Records drawn from a dataset
----------
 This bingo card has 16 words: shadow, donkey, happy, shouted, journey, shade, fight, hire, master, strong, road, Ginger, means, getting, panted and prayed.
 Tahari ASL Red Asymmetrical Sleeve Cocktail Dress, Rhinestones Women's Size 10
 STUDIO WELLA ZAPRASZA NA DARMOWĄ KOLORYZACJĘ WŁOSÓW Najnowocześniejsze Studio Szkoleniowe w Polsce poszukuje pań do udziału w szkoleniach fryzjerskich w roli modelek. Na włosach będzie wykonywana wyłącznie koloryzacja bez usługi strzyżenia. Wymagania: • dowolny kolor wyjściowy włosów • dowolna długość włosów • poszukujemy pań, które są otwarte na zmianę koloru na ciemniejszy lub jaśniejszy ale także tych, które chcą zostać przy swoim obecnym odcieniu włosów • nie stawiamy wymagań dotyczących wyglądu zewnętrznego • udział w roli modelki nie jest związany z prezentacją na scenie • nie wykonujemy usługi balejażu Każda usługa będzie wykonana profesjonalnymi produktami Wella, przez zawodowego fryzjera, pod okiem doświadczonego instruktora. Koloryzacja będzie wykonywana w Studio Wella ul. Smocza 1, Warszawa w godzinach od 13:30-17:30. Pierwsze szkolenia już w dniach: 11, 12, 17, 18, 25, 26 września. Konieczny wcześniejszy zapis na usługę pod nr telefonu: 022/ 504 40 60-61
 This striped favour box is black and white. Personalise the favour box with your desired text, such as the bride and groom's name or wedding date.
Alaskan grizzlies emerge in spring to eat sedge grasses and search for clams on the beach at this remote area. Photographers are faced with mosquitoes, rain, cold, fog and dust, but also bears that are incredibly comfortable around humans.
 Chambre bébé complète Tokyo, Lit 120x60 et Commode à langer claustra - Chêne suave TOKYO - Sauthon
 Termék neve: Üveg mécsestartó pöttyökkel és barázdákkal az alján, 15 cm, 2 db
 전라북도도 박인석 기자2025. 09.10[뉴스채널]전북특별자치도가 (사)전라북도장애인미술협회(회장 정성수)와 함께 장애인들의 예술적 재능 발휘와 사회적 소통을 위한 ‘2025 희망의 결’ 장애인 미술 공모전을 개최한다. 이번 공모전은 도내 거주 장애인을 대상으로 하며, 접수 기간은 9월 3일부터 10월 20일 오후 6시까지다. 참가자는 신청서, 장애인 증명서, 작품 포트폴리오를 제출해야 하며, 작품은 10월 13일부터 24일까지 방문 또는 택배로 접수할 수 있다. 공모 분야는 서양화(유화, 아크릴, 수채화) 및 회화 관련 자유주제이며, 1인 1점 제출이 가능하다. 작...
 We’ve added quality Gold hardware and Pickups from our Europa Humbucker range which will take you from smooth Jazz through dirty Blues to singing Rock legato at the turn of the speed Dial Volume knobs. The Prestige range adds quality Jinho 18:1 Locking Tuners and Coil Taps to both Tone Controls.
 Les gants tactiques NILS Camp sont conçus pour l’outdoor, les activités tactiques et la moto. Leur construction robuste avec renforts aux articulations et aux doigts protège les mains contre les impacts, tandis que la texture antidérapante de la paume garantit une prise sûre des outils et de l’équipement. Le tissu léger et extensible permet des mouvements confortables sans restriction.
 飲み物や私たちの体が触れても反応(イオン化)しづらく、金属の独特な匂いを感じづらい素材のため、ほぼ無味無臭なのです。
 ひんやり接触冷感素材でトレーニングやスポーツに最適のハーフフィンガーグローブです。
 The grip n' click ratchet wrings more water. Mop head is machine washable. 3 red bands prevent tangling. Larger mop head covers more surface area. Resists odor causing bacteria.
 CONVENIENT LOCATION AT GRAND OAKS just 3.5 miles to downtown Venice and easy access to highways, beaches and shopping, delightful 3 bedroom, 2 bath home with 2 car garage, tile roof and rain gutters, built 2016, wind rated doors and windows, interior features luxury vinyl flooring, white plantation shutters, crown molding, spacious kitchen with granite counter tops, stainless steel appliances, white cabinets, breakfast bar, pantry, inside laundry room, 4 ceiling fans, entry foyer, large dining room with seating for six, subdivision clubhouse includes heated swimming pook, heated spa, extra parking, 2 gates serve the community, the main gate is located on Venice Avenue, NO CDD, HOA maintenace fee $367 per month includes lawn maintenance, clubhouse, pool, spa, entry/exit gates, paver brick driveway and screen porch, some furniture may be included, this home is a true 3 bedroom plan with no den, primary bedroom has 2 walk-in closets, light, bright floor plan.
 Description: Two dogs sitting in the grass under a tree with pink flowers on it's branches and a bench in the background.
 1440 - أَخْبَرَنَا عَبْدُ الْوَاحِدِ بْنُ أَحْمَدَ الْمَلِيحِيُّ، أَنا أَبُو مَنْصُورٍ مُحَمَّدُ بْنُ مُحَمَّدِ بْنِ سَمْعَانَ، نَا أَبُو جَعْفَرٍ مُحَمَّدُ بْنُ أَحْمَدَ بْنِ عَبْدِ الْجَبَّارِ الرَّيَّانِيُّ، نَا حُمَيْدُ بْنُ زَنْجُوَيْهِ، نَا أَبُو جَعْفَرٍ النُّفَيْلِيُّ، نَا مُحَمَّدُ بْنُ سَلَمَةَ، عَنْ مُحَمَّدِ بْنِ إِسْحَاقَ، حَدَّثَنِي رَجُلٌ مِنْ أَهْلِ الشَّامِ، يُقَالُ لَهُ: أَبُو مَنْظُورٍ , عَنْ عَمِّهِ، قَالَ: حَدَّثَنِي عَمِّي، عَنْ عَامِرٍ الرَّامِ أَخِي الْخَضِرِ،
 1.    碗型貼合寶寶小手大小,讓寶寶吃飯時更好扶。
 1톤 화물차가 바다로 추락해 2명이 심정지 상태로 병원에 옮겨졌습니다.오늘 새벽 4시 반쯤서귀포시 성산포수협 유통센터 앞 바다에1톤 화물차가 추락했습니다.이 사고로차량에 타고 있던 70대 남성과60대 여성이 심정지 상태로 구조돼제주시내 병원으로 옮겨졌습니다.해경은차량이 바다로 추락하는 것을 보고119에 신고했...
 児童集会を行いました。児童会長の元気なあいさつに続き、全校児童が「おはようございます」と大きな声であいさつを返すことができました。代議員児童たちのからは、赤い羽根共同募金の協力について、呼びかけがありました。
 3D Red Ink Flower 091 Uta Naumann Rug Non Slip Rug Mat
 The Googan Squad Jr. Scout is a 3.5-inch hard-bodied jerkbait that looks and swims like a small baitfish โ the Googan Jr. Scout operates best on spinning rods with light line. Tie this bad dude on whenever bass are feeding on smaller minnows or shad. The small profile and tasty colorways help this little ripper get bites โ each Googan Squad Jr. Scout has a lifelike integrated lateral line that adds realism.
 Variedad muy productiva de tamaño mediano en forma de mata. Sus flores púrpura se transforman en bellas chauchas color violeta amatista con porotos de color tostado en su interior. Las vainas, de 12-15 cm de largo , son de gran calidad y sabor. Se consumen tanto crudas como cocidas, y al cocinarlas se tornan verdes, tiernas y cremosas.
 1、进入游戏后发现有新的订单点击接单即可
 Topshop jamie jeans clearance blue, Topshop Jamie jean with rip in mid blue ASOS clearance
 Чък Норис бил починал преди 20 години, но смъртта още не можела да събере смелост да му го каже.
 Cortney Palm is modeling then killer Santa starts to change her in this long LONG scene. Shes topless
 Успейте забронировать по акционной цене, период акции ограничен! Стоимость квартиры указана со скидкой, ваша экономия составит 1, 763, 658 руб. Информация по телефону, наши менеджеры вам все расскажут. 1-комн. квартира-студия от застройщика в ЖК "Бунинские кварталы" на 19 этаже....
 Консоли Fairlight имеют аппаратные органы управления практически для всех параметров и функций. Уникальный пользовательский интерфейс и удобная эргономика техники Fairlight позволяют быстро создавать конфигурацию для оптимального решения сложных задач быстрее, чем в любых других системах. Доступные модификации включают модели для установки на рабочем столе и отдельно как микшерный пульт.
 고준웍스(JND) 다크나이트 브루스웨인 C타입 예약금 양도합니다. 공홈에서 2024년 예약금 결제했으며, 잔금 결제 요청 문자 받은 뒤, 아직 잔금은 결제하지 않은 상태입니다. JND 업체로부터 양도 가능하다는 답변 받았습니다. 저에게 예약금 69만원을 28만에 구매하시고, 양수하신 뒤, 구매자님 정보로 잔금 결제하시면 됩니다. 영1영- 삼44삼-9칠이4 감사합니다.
----------
→ EXERCISE PROMPT
Out of the data above, set down the lines from the one with "飲み物や私たちの体が触れても" to the one with "The grip n'", both included, exactly as written and with no additions.

→ EXERCISE SOLUTION
 飲み物や私たちの体が触れても反応(イオン化)しづらく、金属の独特な匂いを感じづらい素材のため、ほぼ無味無臭なのです。
 ひんやり接触冷感素材でトレーニングやスポーツに最適のハーフフィンガーグローブです。
 The grip n' click ratchet wrings more water. Mop head is machine washable. 3 red bands prevent tangling. Larger mop head covers more surface area. Resists odor causing bacteria.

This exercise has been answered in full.